Matthew 9:16-17

16 No one puts a piece of unshrunk cloth on an old garment; for the patch pulls away from the garment, and the tear is made worse.

17 Nor do they put new wine into old wineskins, or else the wineskins break, the wine is spilled, and the wineskins are ruined. But they put new wine into new wineskins, and both are preserved.”

Most of my commentaries say these verses are a warning that the dispensation of law and the dispensation of grace cannot be mixed. This cannot be right. Years later, Paul makes it very clear that he was the messenger of the dispensation of grace and that his message was a mystery up until that time. And Christ, in the very next chapter of Matthew, sends His 12 apostles out with these instructions: “Do not go into the way of the Gentiles, and do not enter a city of the Samaritans. But go rather to the lost sheep of the house of Israel. And as you go, preach, saying, ‘The kingdom of heaven is at hand'” (Matthew 10:5-7). So He certainly isn’t referring to the Church as the Body of Christ—a group that none of His listeners had never heard of and couldn’t possibly know would ever exist.

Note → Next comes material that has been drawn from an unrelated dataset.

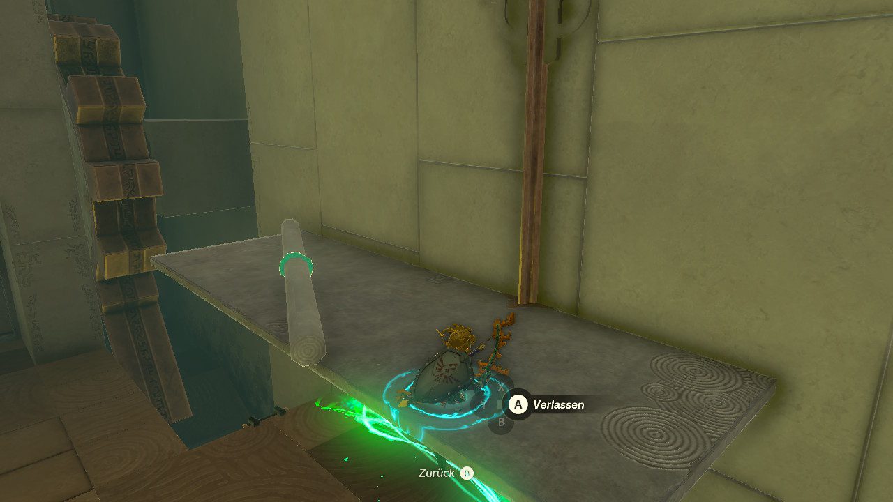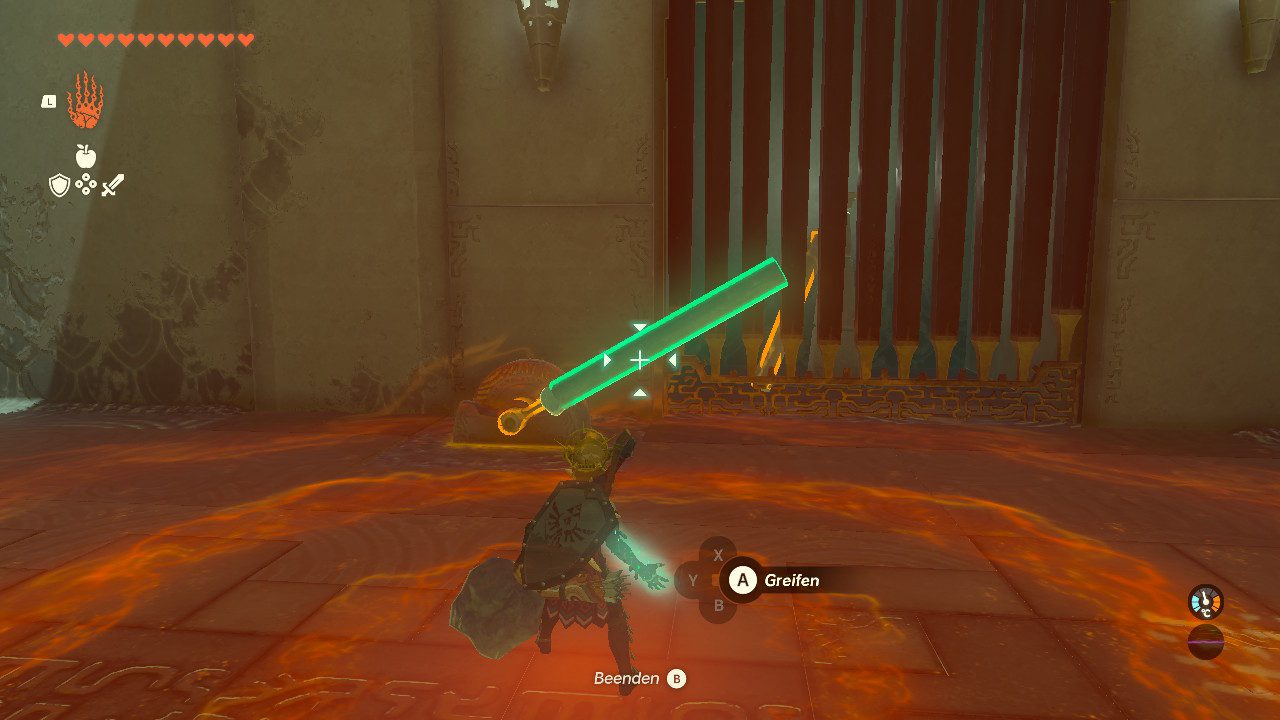 Im zweiten Raum wollen wir uns erst einmal der optionalen Truhe widmen, die rechts in der Nische auf einer erhöhten Position steht. Schnappt euch dafür via Ultra-Hand die Stange und montiert diese auf den Schalter, damit sie als Hebel fungiert. Kippt den Schalter mit der Ultra-Hand auf die andere Seite und eine Kammer öffnet sich, die ein weiteres Verbindungsstück enthält.

Morgan and Pentecost do make good cases that Christ, in these verses, is warning not to force the kingdom He is offering onto the old system of the Pharisees or on the superseded message of John the Baptist.

Thus the King said in effect to these questioning men [the disciples of John], Do not attempt to measure this new thing by that old thing. The old was right as long as it lased; but this is new. There are new motives, new forces, new impulses coming into play; and you must not try to place the new within the narrow limits of the old. It is Christ’s clear declaration that the new covenant [with Israel — the kingdom] which He had come to initiate, demanded new methods of expression; the purple of royalty, instead of the sackcloth of sorrow; the laughter of triumph, instead of the weeping of defeat. — Morgan, page 93.

To the Pharisees He said one cannot make an old garment acceptable by superimposing something new on it. And to John’s disciples He said that what He was offering could not be superimposed on Pharisaism so as to reform it. What He offered also could not be contained in the old system. Rather, what He was introducing had to be entirely separated from the old. The incident closed with Christ’s words that if men would taste His wine, that is, if they would accept what He was offering them [the kingdom], they would not want the old. However, the Pharisees, having tasted the old, were satisfied with it; they had no desire for what He was offering them. — Pentecost, page 157.